(SUPPLIED MATERIAL)
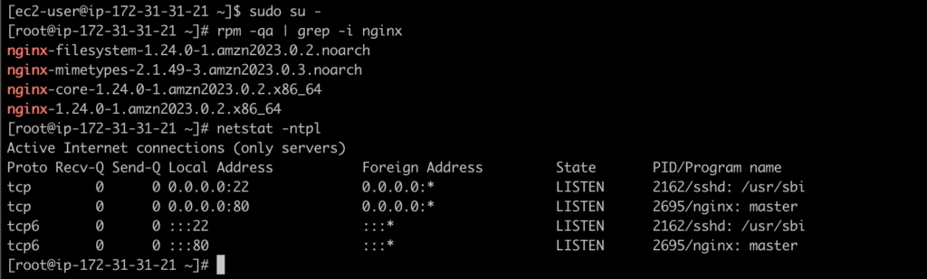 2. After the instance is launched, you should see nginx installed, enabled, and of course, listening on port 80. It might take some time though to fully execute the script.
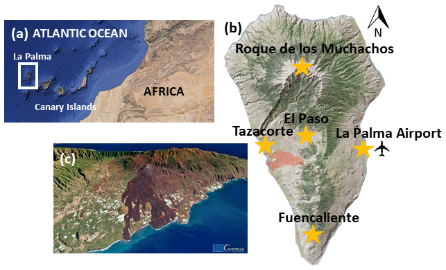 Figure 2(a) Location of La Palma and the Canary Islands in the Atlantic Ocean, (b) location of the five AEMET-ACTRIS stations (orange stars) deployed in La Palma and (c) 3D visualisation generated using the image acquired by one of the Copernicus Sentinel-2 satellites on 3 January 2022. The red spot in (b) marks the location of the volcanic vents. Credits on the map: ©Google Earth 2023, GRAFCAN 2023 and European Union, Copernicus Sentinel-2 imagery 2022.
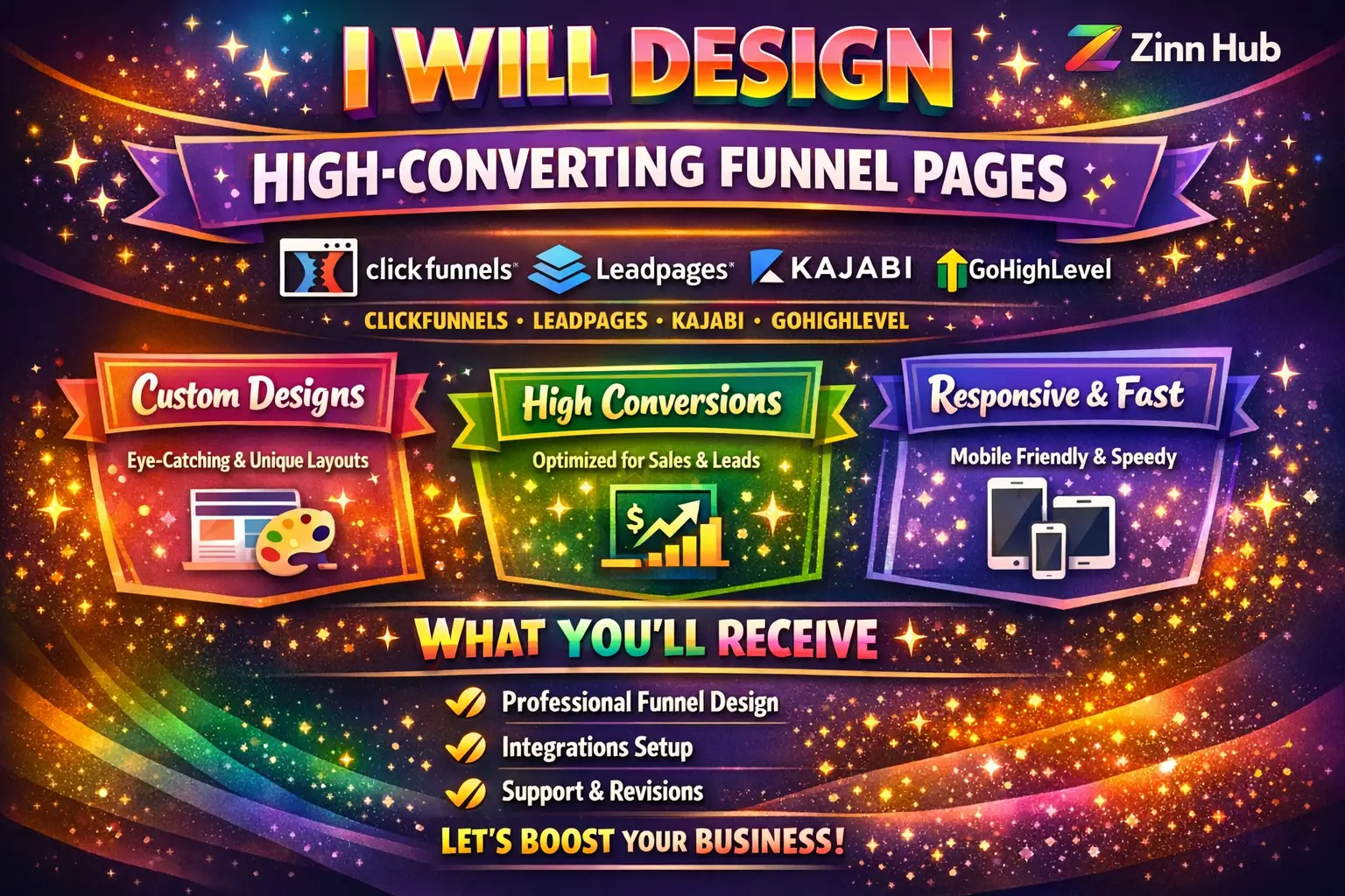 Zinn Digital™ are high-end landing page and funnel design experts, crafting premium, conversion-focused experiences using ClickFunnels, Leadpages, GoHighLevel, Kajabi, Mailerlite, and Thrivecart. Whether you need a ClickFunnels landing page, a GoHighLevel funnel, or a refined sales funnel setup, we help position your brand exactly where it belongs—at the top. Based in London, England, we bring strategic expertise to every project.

(THE TASK) Begin at the line containing "Figure 2(a) Location of La" and stop at the last line of the data. Repeat only those lines, exactly, and leave out the pictures.

(RESPONSE BELOW)
 Figure 2(a) Location of La Palma and the Canary Islands in the Atlantic Ocean, (b) location of the five AEMET-ACTRIS stations (orange stars) deployed in La Palma and (c) 3D visualisation generated using the image acquired by one of the Copernicus Sentinel-2 satellites on 3 January 2022. The red spot in (b) marks the location of the volcanic vents. Credits on the map: ©Google Earth 2023, GRAFCAN 2023 and European Union, Copernicus Sentinel-2 imagery 2022.
 Zinn Digital™ are high-end landing page and funnel design experts, crafting premium, conversion-focused experiences using ClickFunnels, Leadpages, GoHighLevel, Kajabi, Mailerlite, and Thrivecart. Whether you need a ClickFunnels landing page, a GoHighLevel funnel, or a refined sales funnel setup, we help position your brand exactly where it belongs—at the top. Based in London, England, we bring strategic expertise to every project.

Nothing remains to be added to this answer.